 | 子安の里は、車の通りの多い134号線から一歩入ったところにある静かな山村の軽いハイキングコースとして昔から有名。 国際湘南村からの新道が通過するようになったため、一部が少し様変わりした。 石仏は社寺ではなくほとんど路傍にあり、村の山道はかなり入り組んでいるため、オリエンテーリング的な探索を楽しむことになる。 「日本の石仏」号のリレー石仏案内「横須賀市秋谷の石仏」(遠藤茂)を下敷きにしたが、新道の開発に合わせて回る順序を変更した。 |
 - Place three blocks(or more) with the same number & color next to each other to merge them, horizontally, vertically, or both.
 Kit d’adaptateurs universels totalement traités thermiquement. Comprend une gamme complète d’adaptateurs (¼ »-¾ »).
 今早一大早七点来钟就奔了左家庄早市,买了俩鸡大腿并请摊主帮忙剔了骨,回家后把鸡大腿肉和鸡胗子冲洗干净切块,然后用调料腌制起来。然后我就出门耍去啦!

---

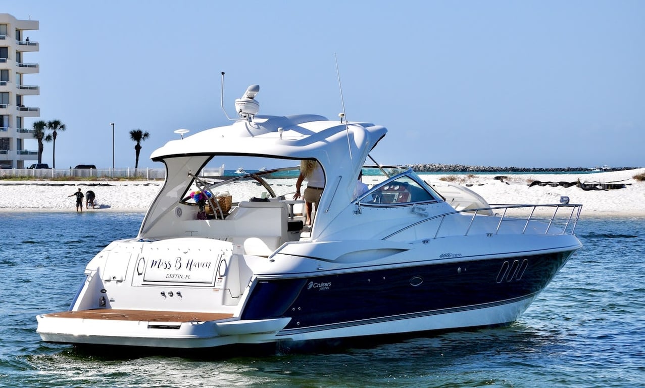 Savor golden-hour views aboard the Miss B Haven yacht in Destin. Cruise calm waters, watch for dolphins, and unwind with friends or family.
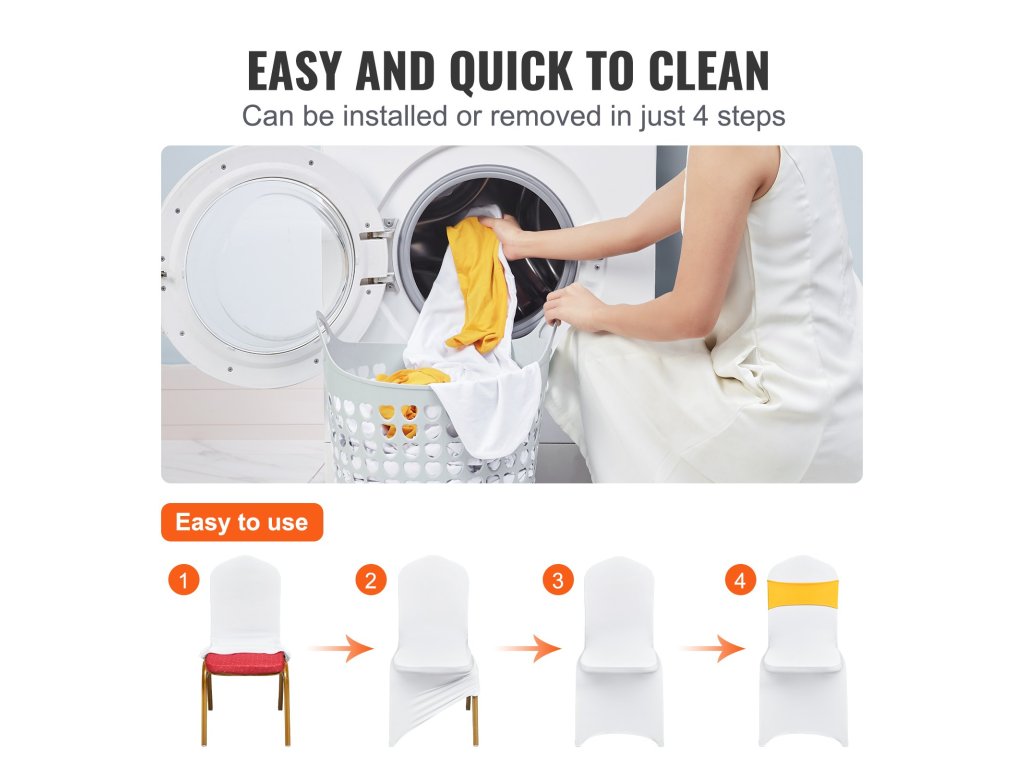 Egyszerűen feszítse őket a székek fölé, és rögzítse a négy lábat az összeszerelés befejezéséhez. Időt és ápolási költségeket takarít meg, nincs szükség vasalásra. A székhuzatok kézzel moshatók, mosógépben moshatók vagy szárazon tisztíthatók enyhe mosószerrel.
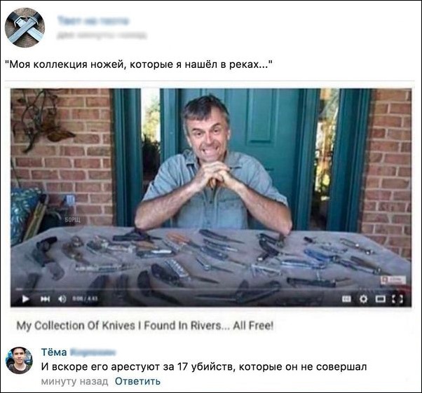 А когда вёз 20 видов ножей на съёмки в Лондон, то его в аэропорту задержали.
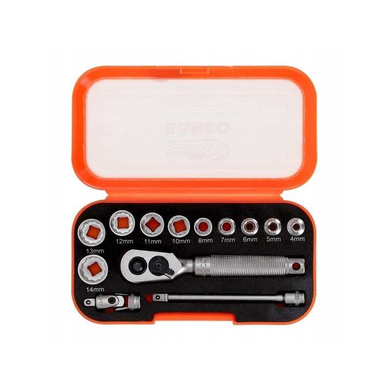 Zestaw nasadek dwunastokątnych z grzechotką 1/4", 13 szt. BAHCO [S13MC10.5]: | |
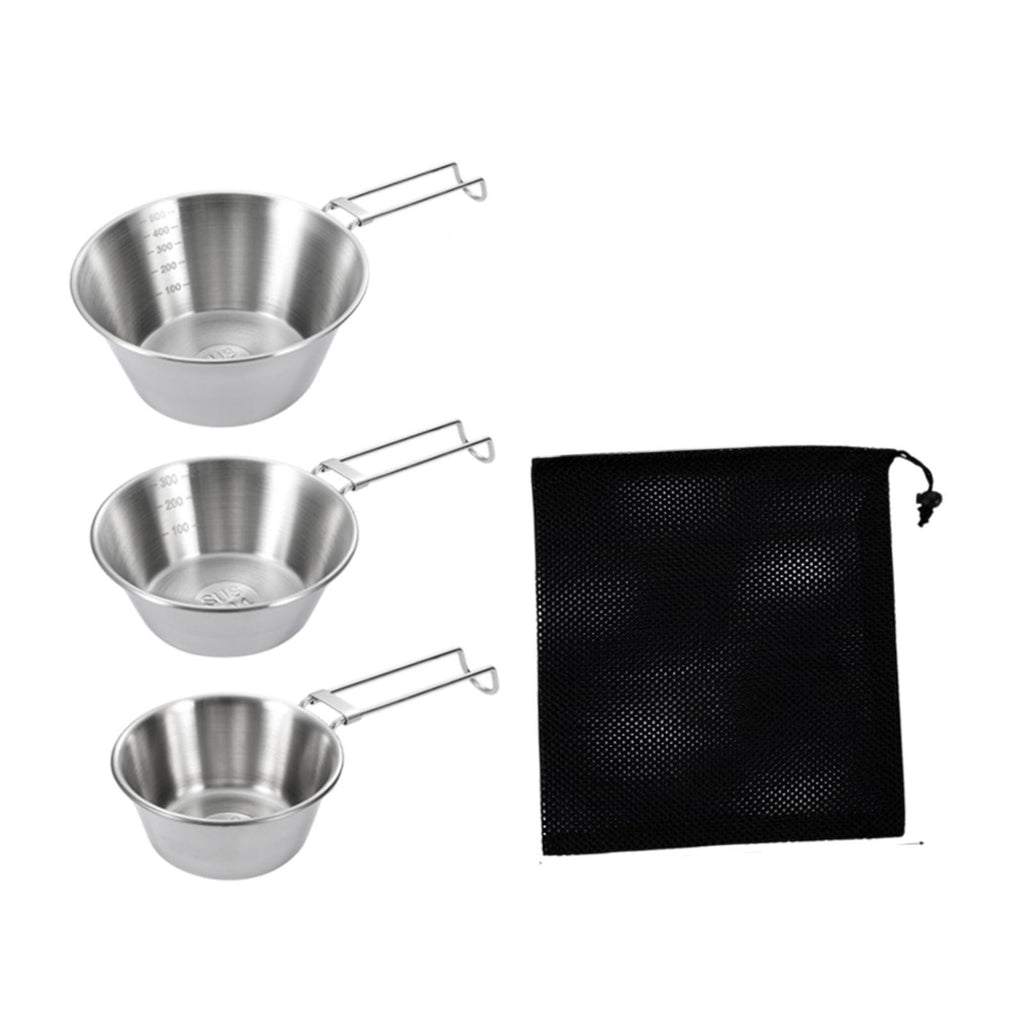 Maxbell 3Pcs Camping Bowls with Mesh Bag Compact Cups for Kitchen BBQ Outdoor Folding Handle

▶ ASSIGNED TASK
Only one part of the material above is wanted: the lines from the one with "А когда вёз" up to and including the one with "Maxbell 3Pcs Camping". Please copy them exactly, pictures left out.

▶ RESULT FOR THIS TASK
 А когда вёз 20 видов ножей на съёмки в Лондон, то его в аэропорту задержали.
 Zestaw nasadek dwunastokątnych z grzechotką 1/4", 13 szt. BAHCO [S13MC10.5]: | |
 Maxbell 3Pcs Camping Bowls with Mesh Bag Compact Cups for Kitchen BBQ Outdoor Folding Handle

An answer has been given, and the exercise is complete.